3-minute orientation video
This video about the KDE Hub will let you meet a few members of the Hub team, and learn about who we are, what we do, and why. We hope it conveys our commitment to the Hub’s purpose, a positioning that aims to be respectful of others in the field, and players (people and organizations) who are active, or interested, in mental health promotion and complementary fields.
Our history: It’s both short and long
The KDE Hub is a new entity with deep roots. The vision and approach for the KDE Hub originated within the Propel Centre for Population Health Impact, hosted by the Faculty of Health, University of Waterloo from 1998 to 2019. Propel was a centre for engaged scholarship. It existed to improve the health of people and places in Canada and beyond, primarily by addressing underlying social, behavioural and environmental determinants of health and well-being.
Today, the KDE Hub is hosted by Renison University College, affiliated with the University of Waterloo. Renison’s shared values of social justice, equity, and diversity are aligned with the Hub’s mandate, the approach of the MHP-IF, and the work conducted by the funded projects across Canada.
The KDE Hub’s core commitments
We aim to act in ways that are consistent with our beliefs and theory of change. These actions are expressed as core commitments; promises to those we serve, and guideposts for the Hub’s work. We welcome your feedback on how well we’re keeping our commitments.
1) Focus on population mental health promotion for diverse groups of children and youth.
In keeping with the MHP-IF, the Hub’s work will focus on promotion of mental health at the population level.
2) Act in ways that respect properties of complex systems.
This reflects an understanding of the complexity of the problems, approaches needed to address them, and environments, including what this understanding means for knowledge development and exchange.
3) Support existing expertise and leadership.
The Hub does not hold all expertise. Our job is to understand, support and engage existing leadership within the funded projects and others with relevant expertise and experience.
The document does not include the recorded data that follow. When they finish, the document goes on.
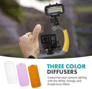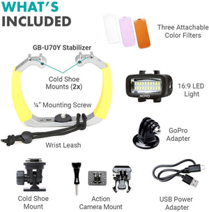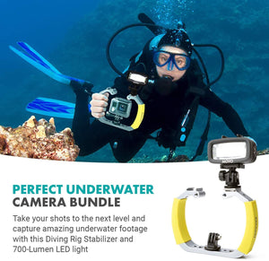 ¡Toma fotos submarinas impresionantes en tu próxima excursión de buceo con este paquete todo incluido! El DiveRig4 es el estabilizador a dos manos perfecto para grabar videos mientras practicas snorkel o buceo. Sus empuñaduras de goma y su correa de muñeca facilitan su agarre, mientras que su resistente construcción de aluminio lo protege de caídas y golpes con facilidad. Las dos zapatas frías te permiten conectar diversos accesorios, y el estabilizador central es compatible con una amplia gama de cámaras submarinas, incluyendo la serie GoPro Hero.
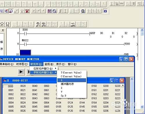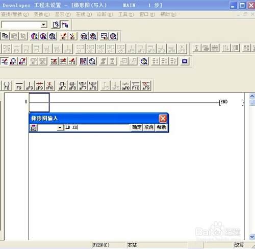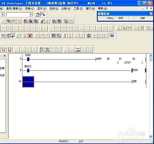 首先需要在程序中编写一条加法指令,我们用X0作为加法指令的执行条件,输入LD X0
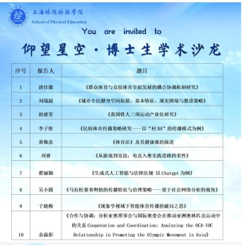 “在寻求真理的长河中,唯有学习,不断地学习,勤奋地学习,有创造性地学习,才能越重山跨峻岭”,为了增进博士生之间的学术交流、夯实学术基础,体教公司组织开展博士生学术沙龙。本次学术沙龙将由10位博士生来分享自身的学术研究。
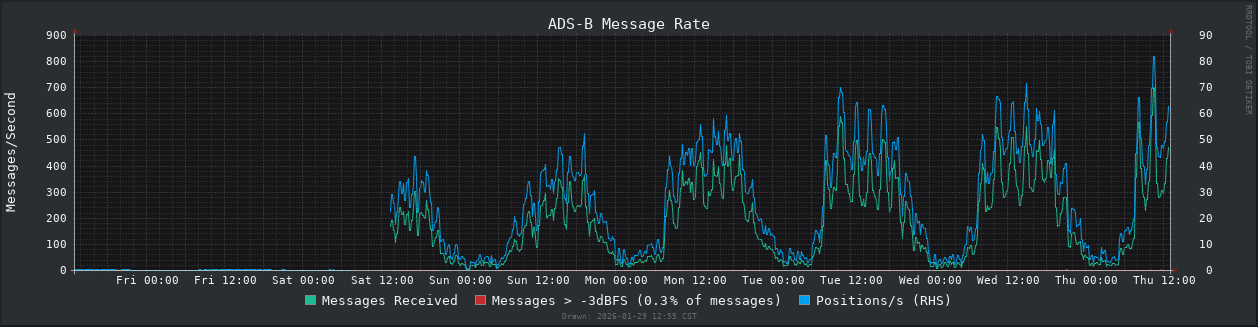With the old antenna and location, I was lucky to see over 5 messages per second. After relocating and upgrading the antenna, I saw as high as 750–over two orders of magnitude greater! I am writing this after the January 2026 North American winter storm, and it seems air traffic numbers are still returning to typical levels.

4) Honour multiple ways of knowing and doing.
The Hub embraces different ways of knowing, doing, and being that are suitable for various populations, settings, and questions. For example, many projects engage Indigenous populations with opportunities within and beyond those projects to use Indigenous wholistic frameworks and ways of knowing.
5) Ensure KDE informs decision-making and contributes to new knowledge.
The work of the Hub reflects these two main purposes of knowledge development and exchange activities.
6) Address the most relevant KDE needs using the most suitable and rigorous methods.
This is a commitment to using the most suitable and appropriately rigorous methods, without compromising relevance. What are the kinds of learnings and questions that can be asked and answered credibly within and across MHP-IF projects?
7) Use participatory design practices in all we do.
All work undertaken by the Hub is underscored by a commitment to inclusive and participatory approaches for generating, translating, sharing and applying knowledge.
8) Embrace an improvement orientation to our work.
The Hub takes a continuous ‘learn as we go’ approach with relevant data collected and fed back to inform adaptations along the way.